-- Your assignment --
The stretch wanted below opens at the line containing "Flow-rate variation process" and closes at the line containing "2022下册四年级语文人教版 第五单元 习作——17 记金华的双龙洞". Please return it exactly, with no other lines.

──────── Records for this task

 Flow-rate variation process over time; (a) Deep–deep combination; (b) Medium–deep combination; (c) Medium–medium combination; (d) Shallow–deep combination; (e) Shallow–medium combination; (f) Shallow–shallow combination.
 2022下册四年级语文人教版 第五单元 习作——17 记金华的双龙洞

────────────────
──────── Records for this task

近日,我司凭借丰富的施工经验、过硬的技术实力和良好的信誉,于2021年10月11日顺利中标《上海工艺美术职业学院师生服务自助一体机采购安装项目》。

────────────────
──────── Records for this task

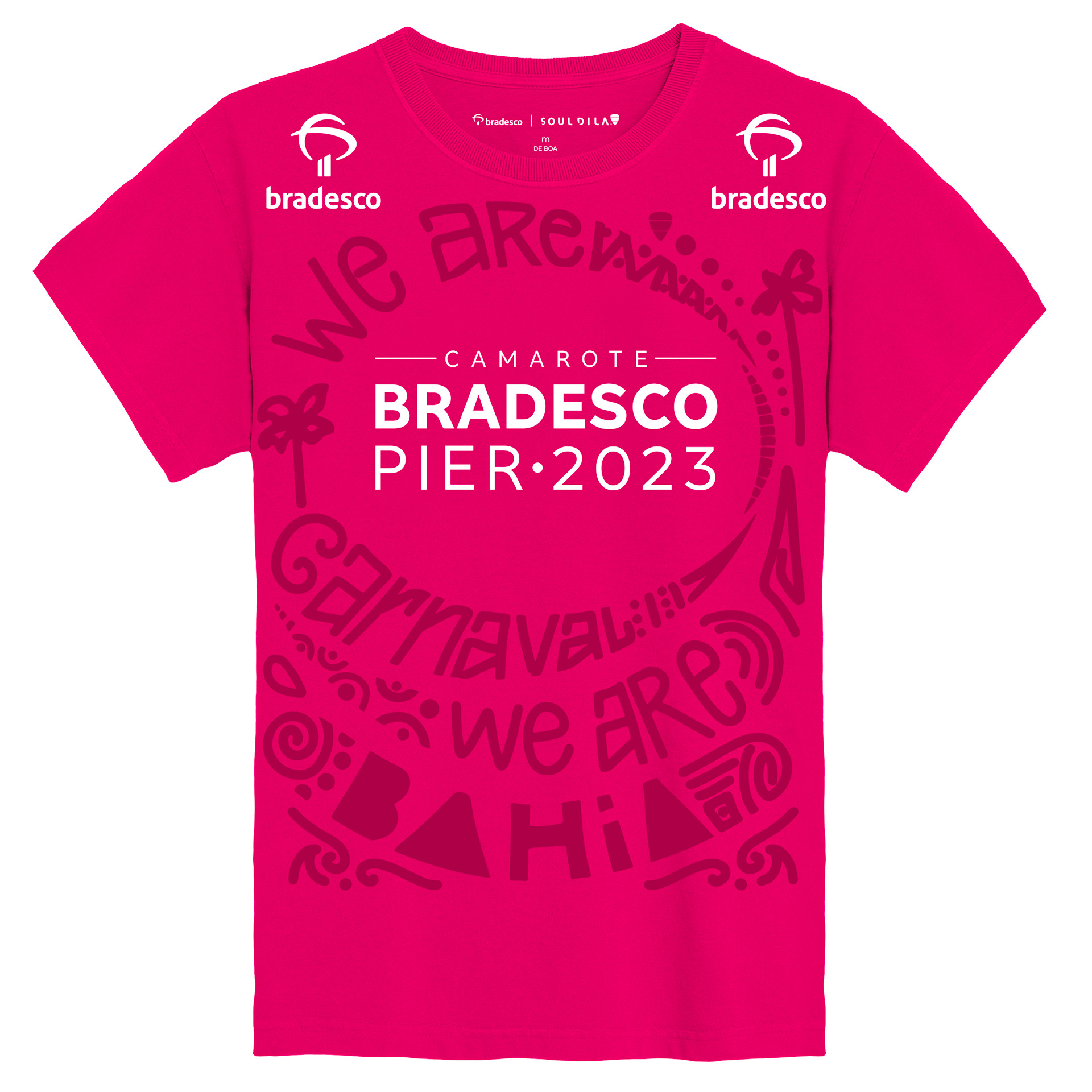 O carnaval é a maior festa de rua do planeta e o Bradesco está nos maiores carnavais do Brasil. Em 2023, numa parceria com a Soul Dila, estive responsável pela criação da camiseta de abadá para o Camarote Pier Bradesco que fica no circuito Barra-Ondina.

────────────────

-- Response --
 Flow-rate variation process over time; (a) Deep–deep combination; (b) Medium–deep combination; (c) Medium–medium combination; (d) Shallow–deep combination; (e) Shallow–medium combination; (f) Shallow–shallow combination.
 2022下册四年级语文人教版 第五单元 习作——17 记金华的双龙洞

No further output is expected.